In [None]:
#!pip install "gym [accept-rom-license, atari]"

In [None]:
!pip install gym[atari,accept-rom-license] --quiet
!pip install ale-py --quiet

In [1]:
from collections import deque

def compute_gae(next_value, rewards, masks, values, gamma=0.999, tau=0.95):
    # Similar to calculating the returns we can start at the end of the sequence and go backwards
    gae = 0
    returns = deque()
    gae_logger = deque()
    for step in reversed(range(len(rewards))):
        # Calculate the current delta value
        delta = rewards[step] + gamma * next_value * masks[step] - values[step]

        # The GAE is the decaying sum of these delta values
        gae = delta + gamma * tau * masks[step] * gae
        # Get the new next value
        next_value = values[step]



        # If we add the value back to the GAE we get a TD approximation for the returns
        # which we can use to train the Value function
        returns.appendleft(gae + values[step])
        gae_logger.appendleft(gae)


    return returns, gae_logger

In [16]:
import torch
from torch import nn
import torch as T
import torch.nn.functional as F

import numpy as np
from torch.distributions.categorical import Categorical
from torch.distributions.normal import Normal

def layer_init(layer, std=np.sqrt(2), bias_const=0.0):
    torch.nn.init.orthogonal_(layer.weight, std)
    torch.nn.init.constant_(layer.bias, bias_const)
    return layer


class Agent(nn.Module):
    def __init__(self, envs):
        super(Agent, self).__init__()
        self.critic = nn.Sequential(
            layer_init(nn.Linear(np.array(envs.observation_space.shape).prod(), 64)),
            nn.Tanh(),
            layer_init(nn.Linear(64, 64)),
            nn.Tanh(),
            layer_init(nn.Linear(64, 1), std=1.0),
        )
        self.actor = nn.Sequential(
            layer_init(nn.Linear(np.array(envs.observation_space.shape).prod(), 64)),
            nn.Tanh(),
            layer_init(nn.Linear(64, 64)),
            nn.Tanh(),
            layer_init(nn.Linear(64, envs.action_space.n), std=0.01),
        )

    def get_value(self, x):
        return self.critic(x)

    def get_action_and_value(self, x, action=None):
        logits = self.actor(x)
        probs = Categorical(logits=logits)
        if action is None:
            action = probs.sample()
        return action, probs.log_prob(action), probs.entropy(), self.critic(x)


In [17]:
import torch

def ppo_loss(new_dist, old_log_probs, advantages, clip_param):
      new_log_probs = new_dist
      ratio = torch.exp(new_log_probs - old_log_probs)

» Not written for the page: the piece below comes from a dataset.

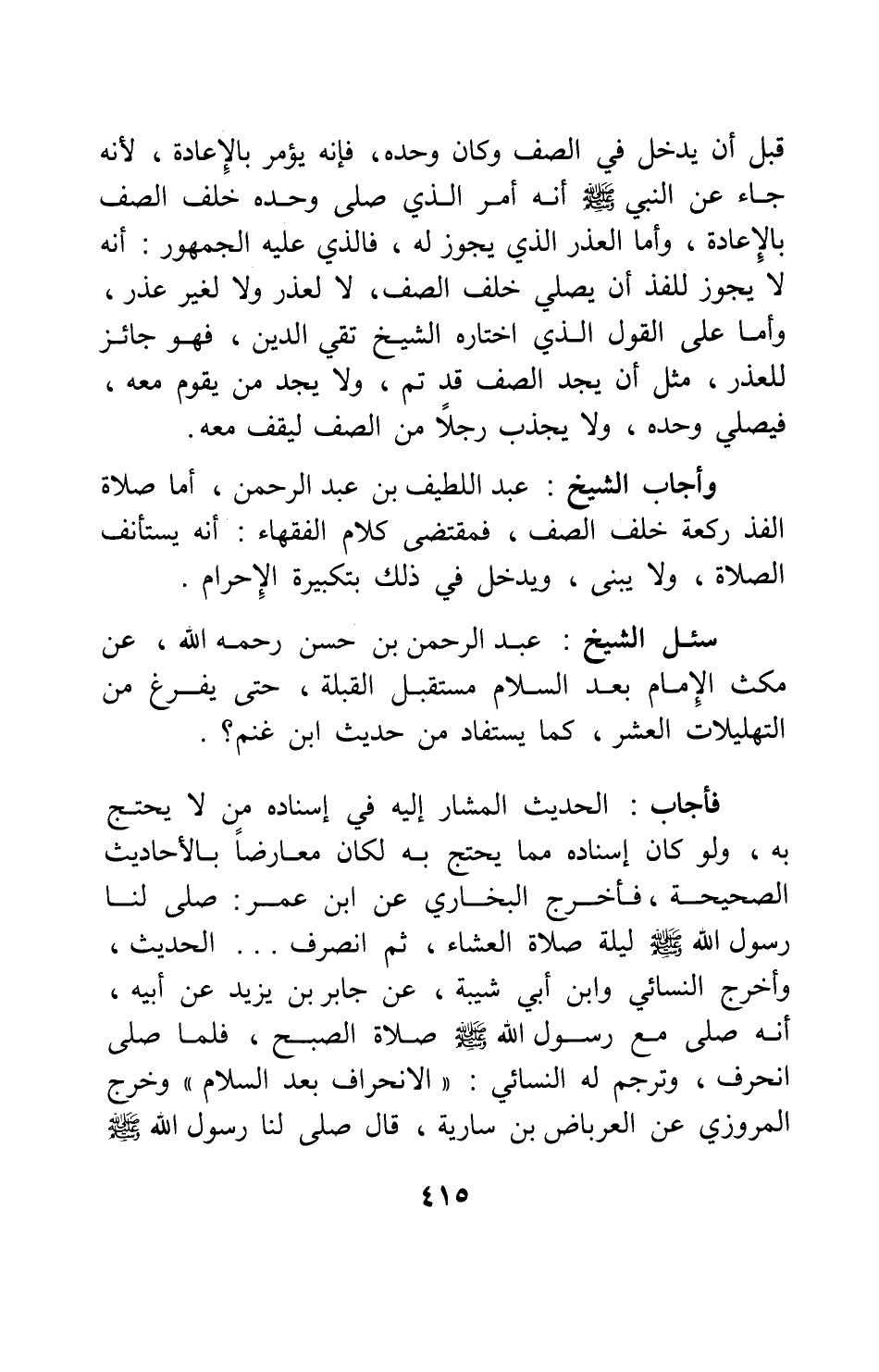 وأجاب الشيخ عبد اللطيف بن عبد الرحمن: أما صلاة الفذ ركعة خلف الصف، فمقتضى كلام الفقهاء: أنه يستأنف الصلاة، ولا يبني، ويدخل في ذلك بتكبيرة الإحرام.
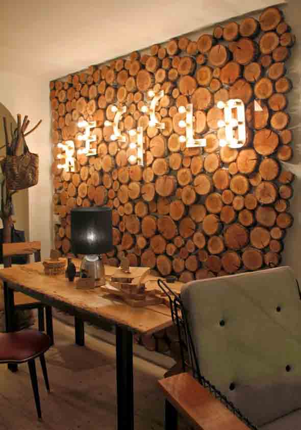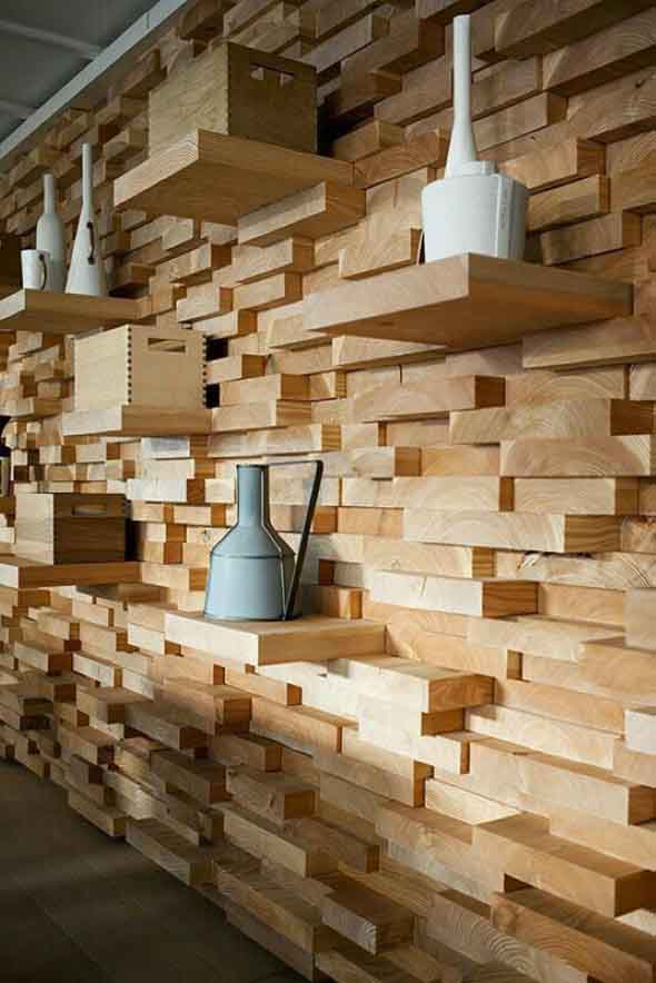 E abaixo vocês conferem mais alguns modelos de paredes que foram revestidas com blocos de madeira:

      surr1 = - advantages * ratio

      surr2 = - advantages * torch.clamp(ratio, 1- clip_param, 1 + clip_param)

      actor_loss = torch.max(surr1, surr2)


      return actor_loss.mean()

In [None]:
import torch

def clipped_critic_loss(new_value, old_value, returns, clip_param):
      vf_loss1 = (new_value - returns)**2

    # 2. MSE/L2 loss on the clipped value and the returns
    # Here we create an "approximation" of the new value (aka the current value) by finding the difference
    # between the "new" and "old" value and adding a clipped amount back to the old value
      vpredclipped = old_value + torch.clamp(new_value - old_value, -clip_param, clip_param)
    # Note that we ONLY backprop through the new value
      vf_loss2 = (vpredclipped - returns)**2

    # 3. Take the MAX between the two losses
    # This trick has the effect of only updating the current value DIRECTLY if is it WORSE (higher error)
    # than the old value.
    # If the old value was worse then the "approximation" will be worse and we update
    # the new value only a little bit!
      critic_loss = torch.max(vf_loss1, vf_loss2)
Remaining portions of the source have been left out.